Cindy Blackstock is a member of the Gitxsan First Nation and currently serves as the executive director of the First Nations Child and Family Caring Society and is a professor at McGill University.
The government of Canada is a repeat offender when it comes to discrimination against First Nations children. Yet it is so bound up in its colonial ideology that it expects First Nations to be grateful for small measures that relieve some, but not all, of its discriminatory conduct. In 2020, it is time to stop feeding the government’s insatiable appetite to be thanked for its inadequate measures and to demand a complete end to the inequality.
Evidence linking federal shortfalls in basic public services with the deaths and unnecessary family separations of First Nations children dates back 112 years. Despite this, Canada has repeatedly chosen to normalize inequality rather than fix the problem. Its warped expectation of gratitude is embedded in phrases we hear all too often: “We have done more than any other government”; “We are taking good first steps”; “Be patient—it’s complex”; “Change can’t happen overnight”; and the latest one, “We are talking to partners.”
Canada tends to frame itself as a benevolent leader in the midst of this ongoing human tragedy in order to reassure a caring public that something is being done. In reality, little is actually changing on the ground for these children, their families and their communities.
This posturing also does something more perverse. It implies that the federal government is the real victim and that it is not being appreciated for its efforts.
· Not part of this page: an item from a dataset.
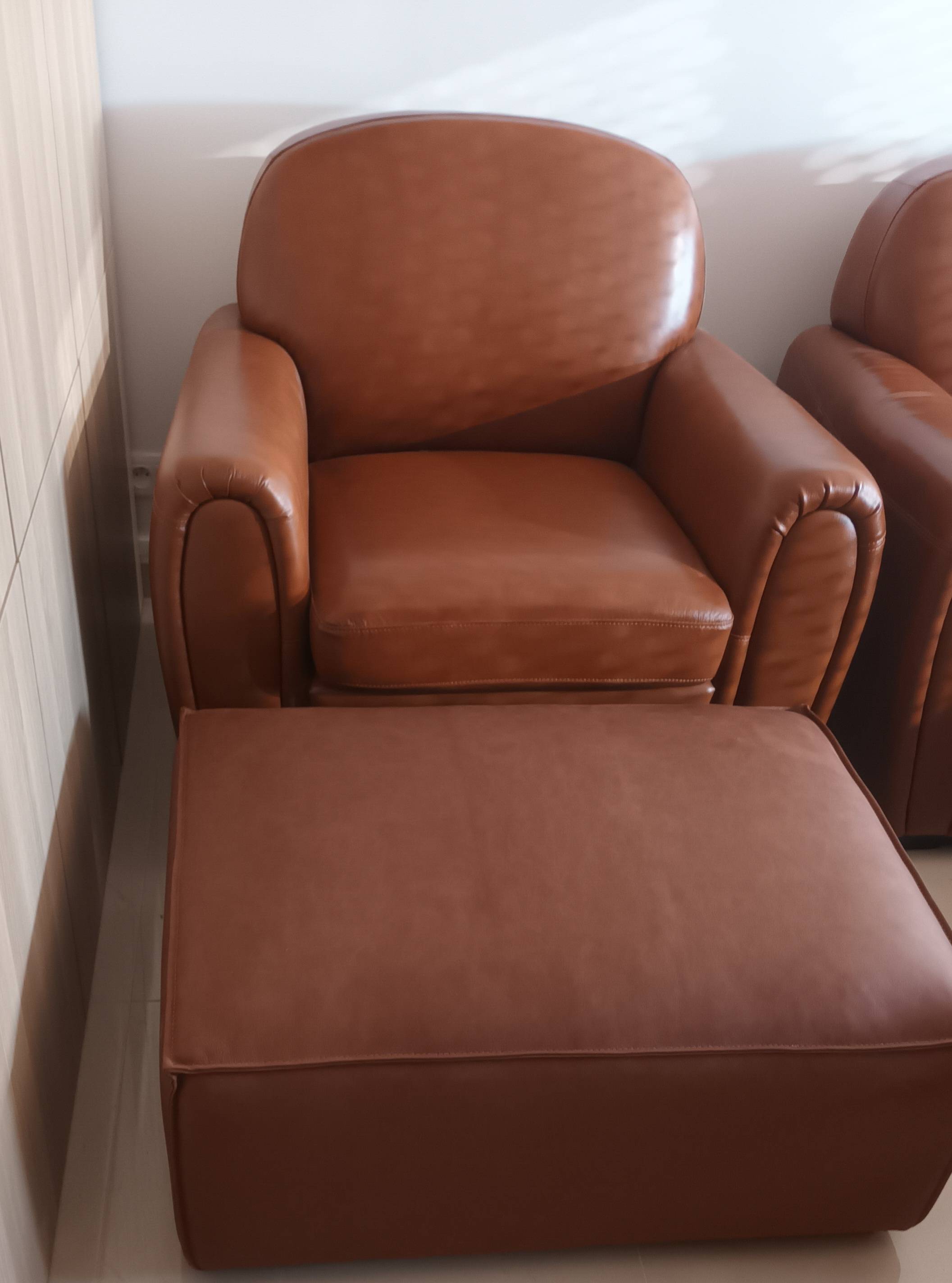Revêtement : cuir de buffle (assise) et PVC (côtés)
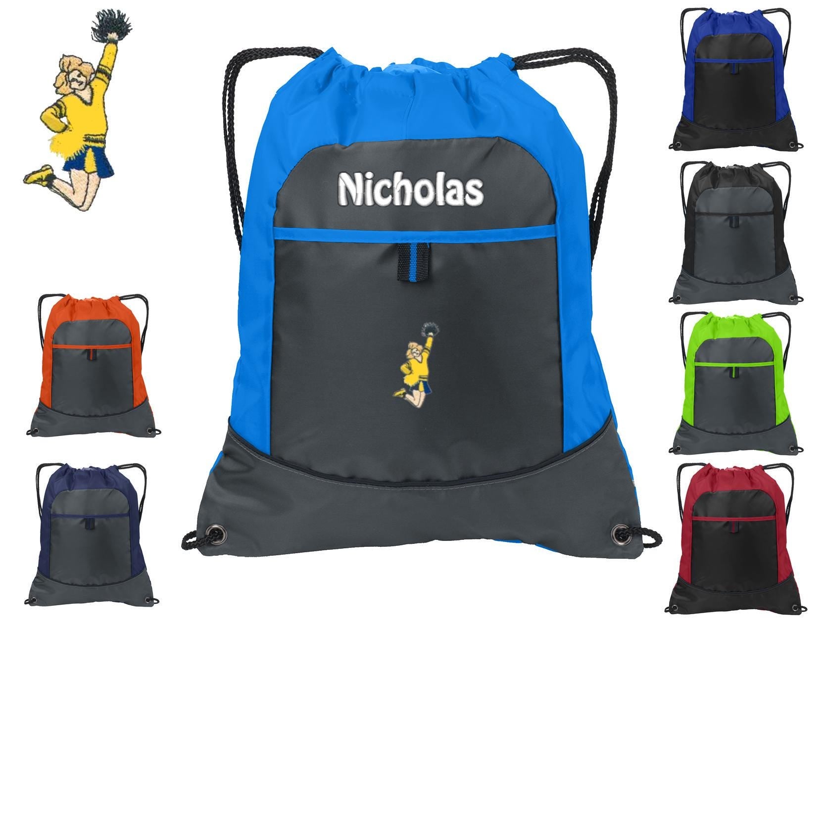 Personalized Kids Cinch Pack Drawstring, Cheerleader Design, Gym School PE Sports Backpack, Embroidered Monogrammed Custom Name School Gift

I have seen this first-hand. In 2016, Canada provided some money to alleviate its long-standing discrimination in First Nations child welfare, but it fell far short of what was needed. A reporter said I must be grateful that the federal government had helped a little. And indeed, my first reflex was to be grateful, because when someone gives you something you are supposed to be thankful, right? But upon further reflection, I realized that all Canada was offering was a continuation of its discrimination against First Nations children, and I could never be thankful for that.
This pattern lit up in response to the Canadian Human Rights Tribunal’s September 2019 finding that the federal government was wilfully and recklessly discriminating against First Nations children in ways that contributed to child deaths and a multitude of unnecessary family separations. The tribunal ordered Canada to pay $40,000 to each victim of its discriminatory conduct, dating back to 2006. Despite Prime Minister Justin Trudeau’s repeated assertions that he supports compensation, the federal government filed a judicial review to “quash all financial compensation” on Oct. 4, 2019.
Post-election, Canada’s legal position is unchanged. Legal documents filed by the Attorney General of Canada on behalf of the federal government argue that it will be irrevocably harmed if it has to pay, even though its own high-end estimates suggest that the compensation would amount to less than five per cent of Canada’s national budget. They even argue that fulfilling the tribunal’s order to just talk to the Assembly of First Nations and First Nations Child and Family Caring Society about a process for the distribution of the compensation would be too much for the government to bear.
Canada says any harms to victims flowing from its legal wrangling could be mitigated by paying interest on any monies owed to victims. That is the way Canada thinks—despite the history of residential schools, the Sixties Scoop and 10 orders by the tribunal, it cannot focus on the devastating human impacts of its own conduct.
The passing of Maurina Beadle this past week evidences the inhumanity of Canada delaying the compensation payouts. In 2011, Maurina, a fiercely independent single mom from Pictou Landing First Nation in Nova Scotia, applied for help through Jordan’s Principle—a measure to ensure First Nations children can access public services free of discrimination—to provide physical care to her son, who has high special needs, while she recovered from a stroke. Maurina was not looking for charity. She had cared for Jeremy his whole life and planned to do so again, as soon as she was strong enough to hold a water glass. Canada suggested she put Jeremy in an institution even though it would cost more than the at-home care Jeremy needed. Maurina and Pictou Landing First Nation filed suit against Canada in 2011.
My first memory of Maurina was her making her way up a steep hill in Halifax with her walker to be cross-examined by government lawyers. While the cross-examinations took place, we could hear the sounds of community members drumming for her outside. I knew then that Canada had met its match and, in 2013, the Federal Court agreed, ordering Canada to pay for Jeremy’s care. Canada appealed the decision, and included a clause ordering Maurina to pay its court costs. After significant public outrage, Canada dropped its appeal.
Three years later, the Canadian Human Rights Tribunal cited Maurina’s case in its legal decision that has provided over 250,000 products and services under Jordan’s Principle this past year alone. Her inspiring story is recounted in Alanis Obomsawin’s documentary on the tribunal hearings called We Can’t Make the Same Mistake Twice. Maurina would have been eligible for compensation under the tribunal’s decision but she died while Canada fought her, and people like her, in court.
As another year unfolds, I am forever grateful to First Nations leaders like Maurina and the many caring Canadians who stand with First Nations children for justice—they lift up the best of the human spirit. But I will never be grateful to governments that want to be thanked for their inadequate actions while they discriminate against First Nations children. They have no place in a fair and just society.